9 year olds: Vo2max(ml) = (9.323 * watts) + (55 * sex) + 613

15 year olds: Vo2max(ml) = (10.390 * watts) + (223 * sex) + 555

Both parents reported their educational attainment and personal income. In each country we classified parental education into four categories (basic/primary; secondary/trade apprentice; higher vocational qualifications; university). We classified income into eight categories representing the ways in which income was most commonly reported in each country and used country-specific categories.
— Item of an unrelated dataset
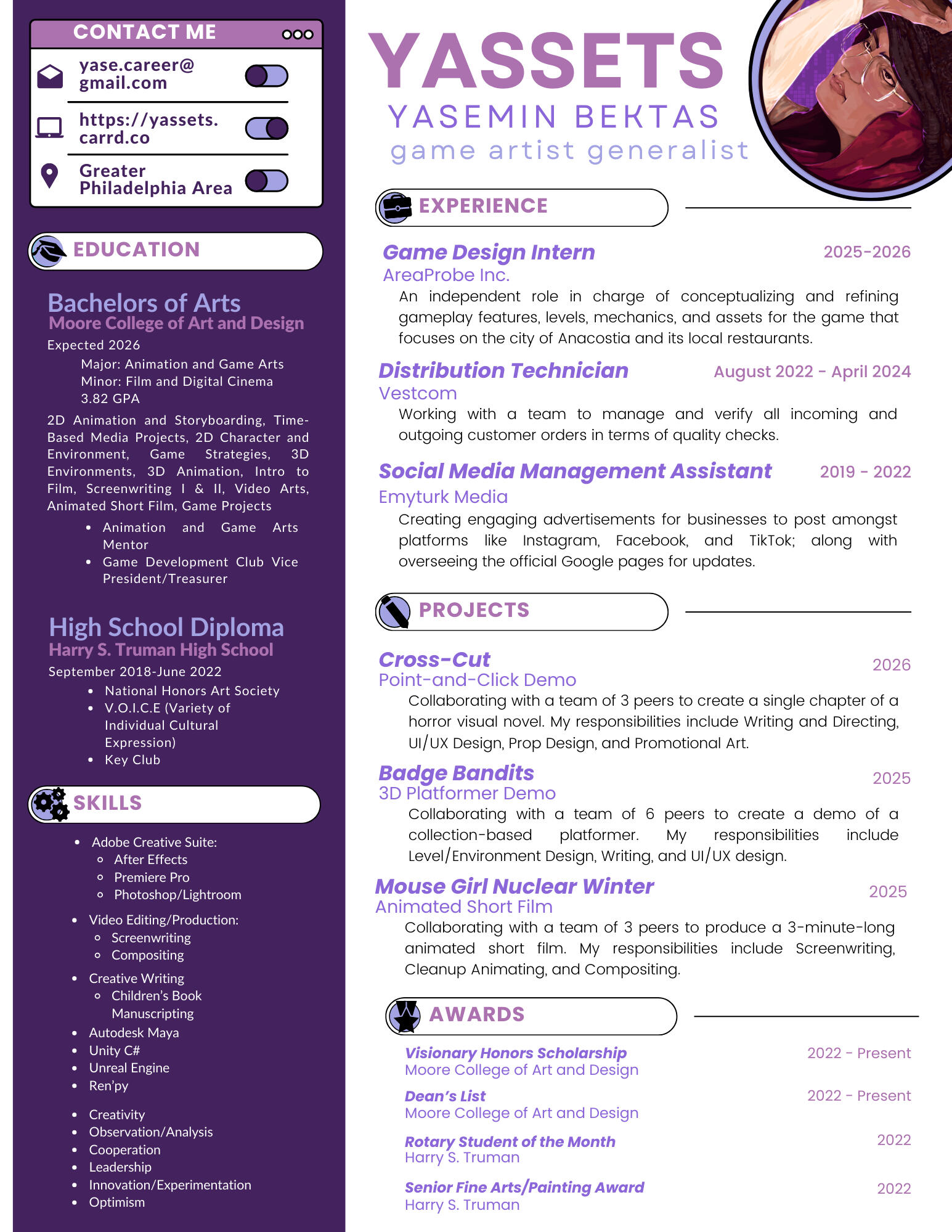 Yasemin Bektas (YASSETS) is a game artist and writer whose strengths lie in UI/UX and level design. Her work demonstrates an interest in horror and the supernatural, as well as having fun with the wild western genre. She would love to work on narrative-driven games that bring communities together through vivid, diverse, and underrepresented storytelling.Yasemin is working towards her BA in Animation and Game Arts – with a minor in Film and Digital Cinema – from Moore College of Art and Design in Philadelphia. There, she has created multiple game demos of various genres and interned to build a game from scratch for a company in Washington, D.C.

Scores from both income and education were summed and averaged into a socio-economic status score. The family history of CVD reported angina, myocardial infarction, hypertension, and hypercholesterolemia, with response options of ‘no’ and ‘yes’.

Blood analyses

Total cholesterol and high-density lipoprotein (HDL) cholesterol, triglycerides and glucose were analysed by colorimetry on an Olympus AU600 autoanalyser (Olympus Diagnostica, Hamburg, Germany). Serum insulin was analysed using an enzyme immunoassay (microtitre plate format; Dako Diagnostics, Ely, UK). Homeostasis model assessment (HOMA) of insulin resistance was calculated as (fasting glucose × fasting insulin)/22.5 as described by Radziuk [20].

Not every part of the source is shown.